Все засмеялись козаки. И долго многие из них еще покачивали головою,
говоря: «Ну уж Попович! Уж коли кому закрутит слово, так только ну…» Да
уж и не сказали козаки, что такое «ну».
– Отступайте, отступайте скорей от стен! – закричал кошевой. Ибо ляхи,
казалось, не выдержали едкого слова, и полковник махнул рукой.
Едва только посторонились козаки, как грянули с валу картечью. На валу
засуетились, показался сам седой воевода на коне. Ворота отворились, и
выступило войско. Впереди выехали ровным конным строем шитые гусары.
За ними кольчужники, потом латники с копьями, потом все в медных шапках,
потом ехали особняком лучшие шляхтичи, каждый одетый по-своему. Не
хотели гордые шляхтичи смешаться в ряды с другими, и у которого не было
команды, тот ехал один с своими слугами. Потом опять ряды, и за ними
выехал хорунжий; за ним опять ряды, и выехал дюжий полковник; а позади
всего уже войска выехал последним низенький полковник.
– Не давать им, не давать им строиться и становиться в ряды! – кричал
кошевой. – Разом напирайте на них все курени! Оставляйте прочие ворота!
Тытаревский курень, нападай сбоку! Дядькивский курень, нападай с другого!
Напирайте на тыл, Кукубенко и Палывода! Мешайте, мешайте и розните их!

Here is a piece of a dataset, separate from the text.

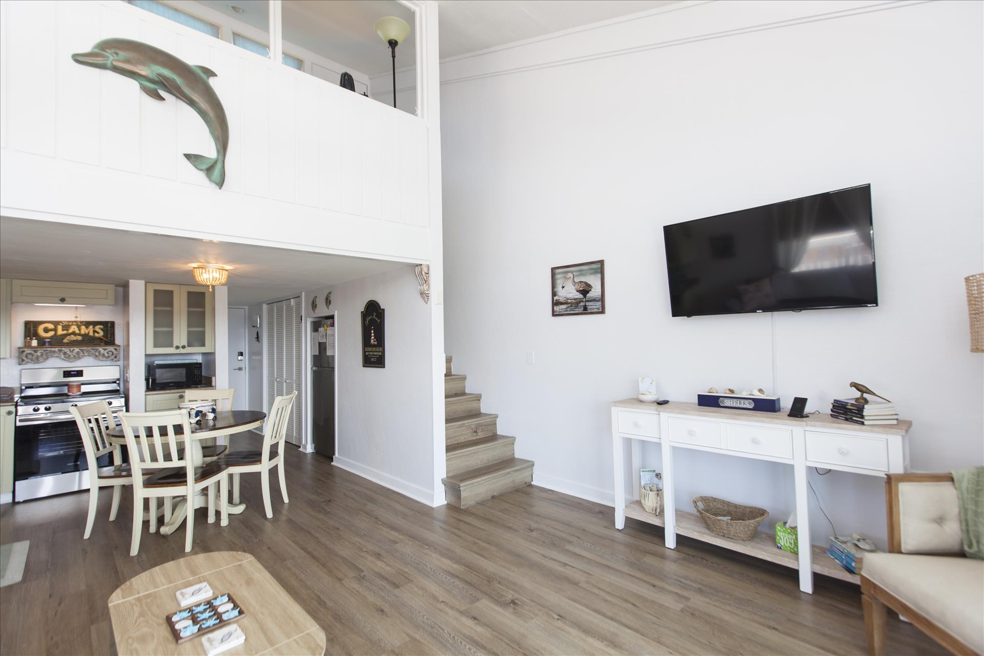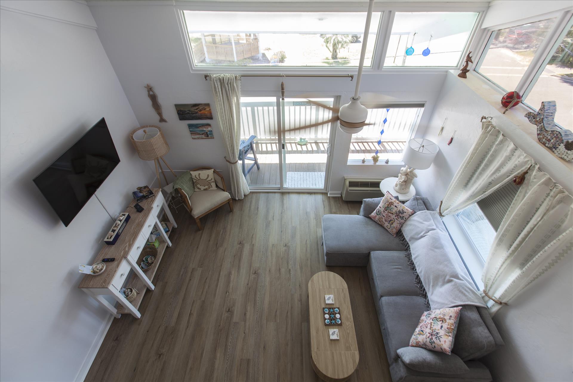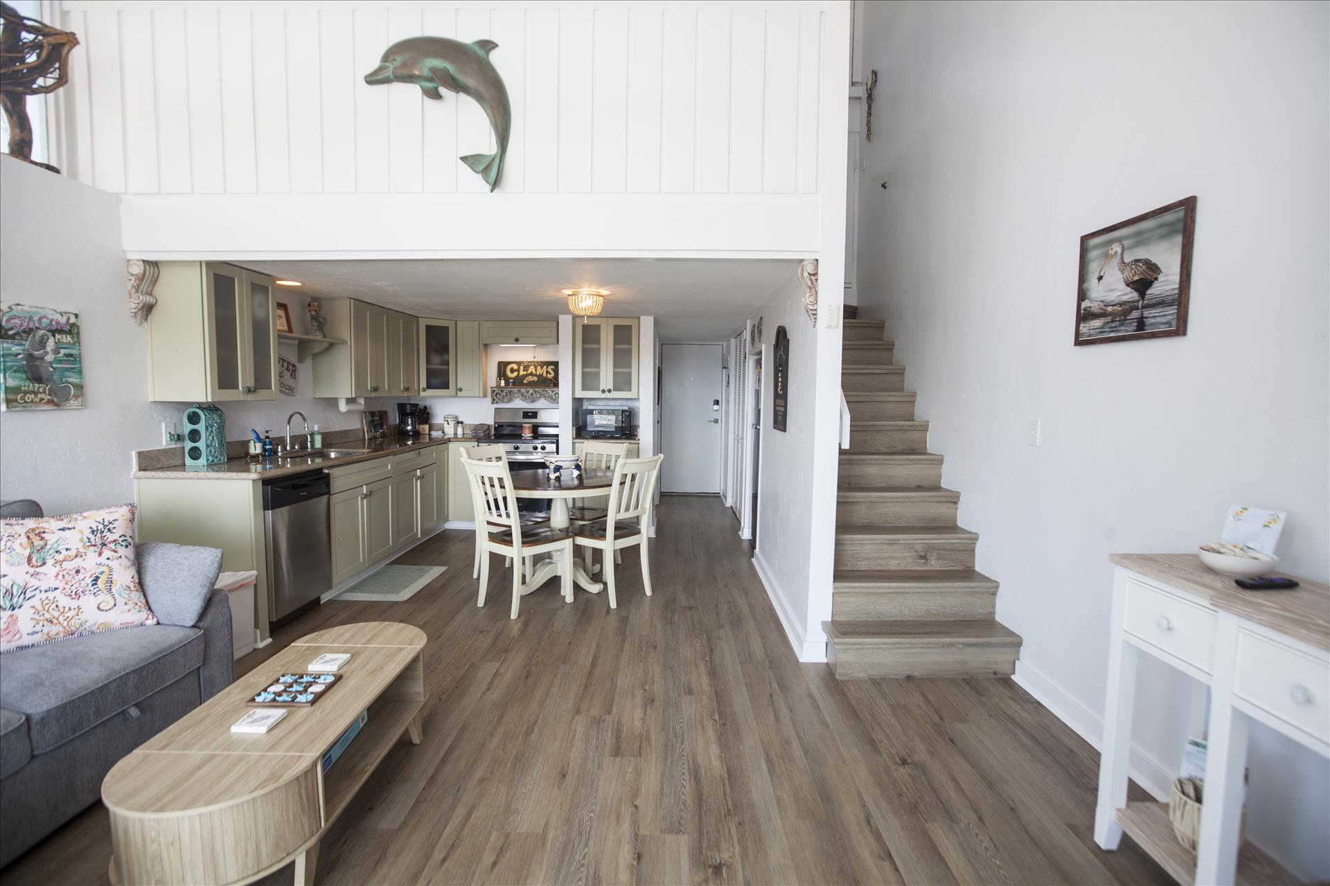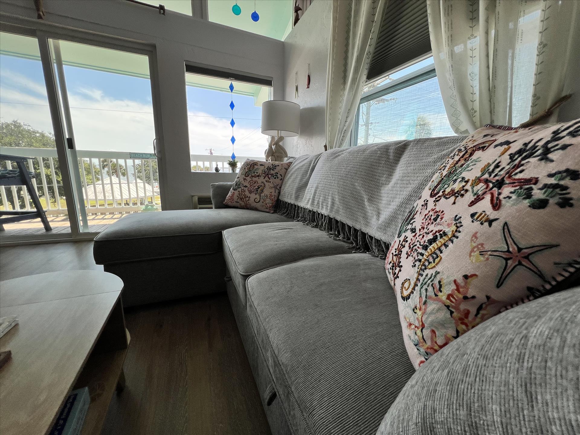 It is a third floor (top floor) corner unit, affording privacy and quiet. The unit’s wraparound main deck floor and railing were recently refinished. The deck is wonderful space, affording an excellent view of the City Park gazebo and park activities below, and of the beach area and Gulf of Mexico out on the edge of the park. We get beautiful sunrises from the main front wraparound deck, and sunset light from the west-facing area of the wraparound deck, and also from the rear deck. The rear deck also affords the best view in the island village of the most-recently installed osprey-nesting pole and nesting deck. Cedar Key is among the most bird-populated osprey and other raptor nesting areas in the country. It is birders’ paradise. Cedar Key is also known as a fishing mecca. Kayaks can be rented to paddle out around the bay and to other islands in the area. Unit 332, being on the top floor, has an upstairs bedroom loft, not available on lower floors. The main floor living room has a pullout futon-couch for extra guest sleeping space when needed. Recently-installed new washer and dryer are available for use by guests, and are located conveniently adjacent to the stairs on the second floor of the building. The well-stocked kitchen w dishwasher, fridge, freezer and other appliances, is perfect for foodies. There is much closet and shelf space on main floor and in upstairs bedroom loft. The owners love dogs so this is a dog-friendly unit, even with L.L. Bean doggie bed for your canine friend’s comfort. Onsite staff bring fresh towels and sheets for guests, and provide cleaning of units. Any issues can be addressed with the onsite management office staff. (3rd floor not wheelchair assessable)
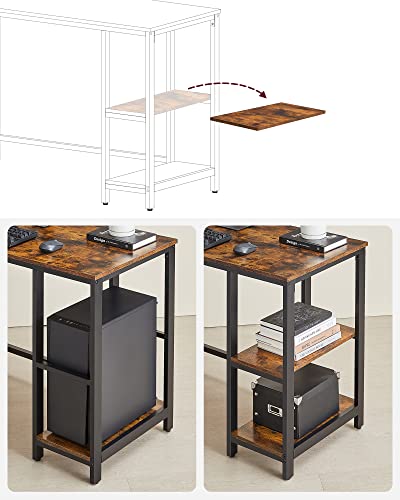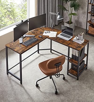 Dette stilfulde L-formet rustik brune computerbord passer til et hvert hjørne og med 2 praktiske hylder, der kan holde op til 10 kg pr. hylde, passer dette hjørneskrivebord perfekt ind i et stilet og kreativt hjemmekontor.

И ударили со всех сторон козаки, сбили и смешали их, и сами смешались. Не
дали даже и стрельбы произвести; пошло дело на мечи да на копья. Все
сбились в кучу, и каждому привел случай показать себя. Демид Попович трех
заколол простых и двух лучших шляхтичей сбил с коней, говоря: «Вот
добрые кони! Таких коней я давно хотел достать!» И выгнал коней далеко в
поле, крича стоявшим козакам перенять их. Потом вновь пробился в кучу,
напал опять на сбитых с коней шляхтичей, одного убил, а другому накинул
аркан на шею, привязал к седлу и поволок его по всему полю, снявши с него
саблю с дорогою рукоятью и отвязавши от пояса целый черенок[[32]] с
червонцами. Кобита, добрый козак и молодой еще, схватился тоже с одним из
храбрейших в польском войске, и долго бились они. Сошлись уже в
рукопашный. Одолел было уже козак и, сломивши, ударил вострым турецким
ножом в грудь, но не уберегся сам. Тут же в висок хлопнула его горячая пуля.

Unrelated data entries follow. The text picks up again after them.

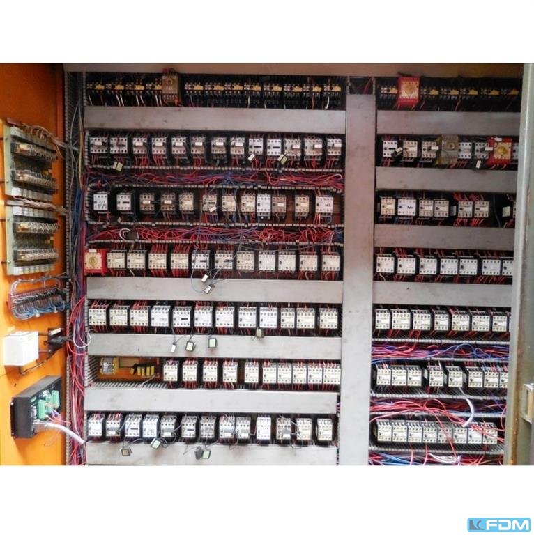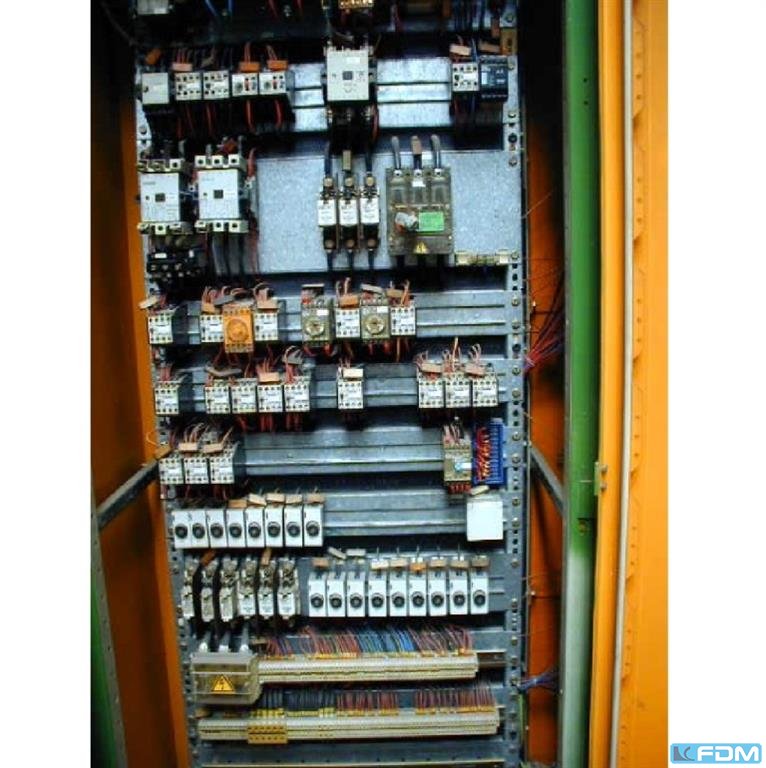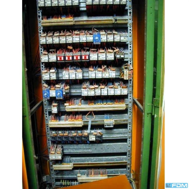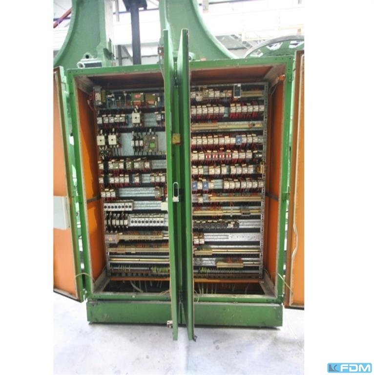 Krupp PST-A 160 prasa transferowa zbudowana w 1980 roku. Dane techniczne prasy KRUPP PST-A 160: - ciśnienie nominalne: 160 ton - stopień siły cięcia 1: 400 KN - siła między stojakami: 1200 KN - liczba etapów roboczych, w tym etap cięcia: 11 - odległość między stojakami: 200 mm - skok suwaka: 210 mm - głębokość rysunku: 70 mm - zakres skoków, nieskończenie regulowany: 15-75 / min. - zakres produkcji skoków z powtarzalnością jego ustawienia: 25-75 / min. - liczba ruchów aktuacyjnych: 15-25 / min. - użyteczny zasób pracy do skoku w zakresie 25-75 uderzeń na minutę. : 20 000 J - maksymalne obciążenie na jednym etapie: 500 KN - maksymalne obciążenie jednego kroku za pomocą płytek: 630 KN - maksymalna szerokość taśmy: około 340 mm - maksymalna średnica cięcia: 120 mm - minimalna średnica wzoru: 30 mm - odległość między stojakami: 2 ...
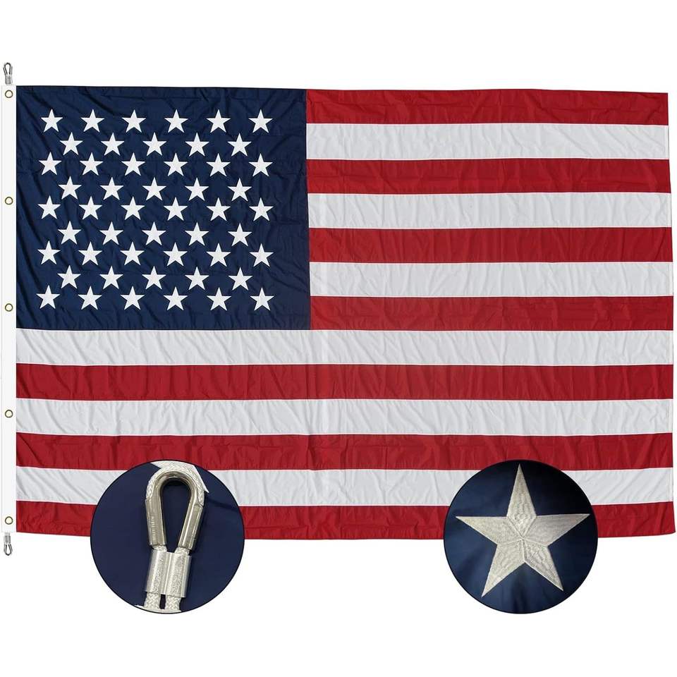 ธงชาติอเมริกา USA TOP FLAGSINC รุ่น Mega Luxury ขนาด 15x25 ฟุต สำหรับใช้งานกลางแจ้ง ผลิตจากไนลอนคุณภาพสูง ปักดาวอย่างดี พร้อมเชือกแขวน ตะเข็บเย็บสองชั้น
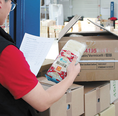 图为东方超市员工在清点刚运抵货运中心的龙口粉丝。作为中国最早与欧盟互认的地理标志产品之一,龙口粉丝一直深受德国顾客的青睐。
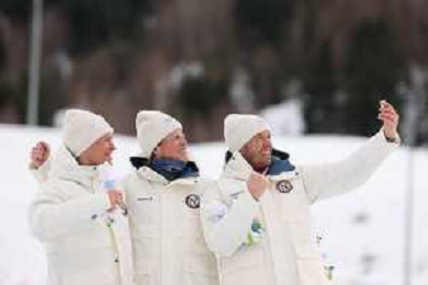Martin Loewstroem NYENGET, NOR, Emil IVERSEN, NOR, Johannes Hoesflot KLAEBO, NOR, and team Norway, winner photo, Men's 50km Mass Start Classic at Cross-Country Olympic Winter Games 2025-26 in Milano Cortina, Italy, 2026-02-21, Photo Credit: action press / Julia Piatkowska / KarmaPress -AGENZIA ALDO LIVERANI SAS - ITALY ONLY EDITORIAL USE ONLY

Свалил его знатнее из панов, красивейший и древнего княжеского роду
рыцарь. Как стройный тополь, носился он на булатом коне своем. И много
уже показал боярской богатырской удали: двух запорожцев разрубил надвое;
Федора Коржа, доброго козака, опрокинул вместе с конем, выстрелил по
коню и козака достал из-за коня копьем; многим отнес головы и руки и
повалил козака Кобиту, вогнавши ему пулю в висок.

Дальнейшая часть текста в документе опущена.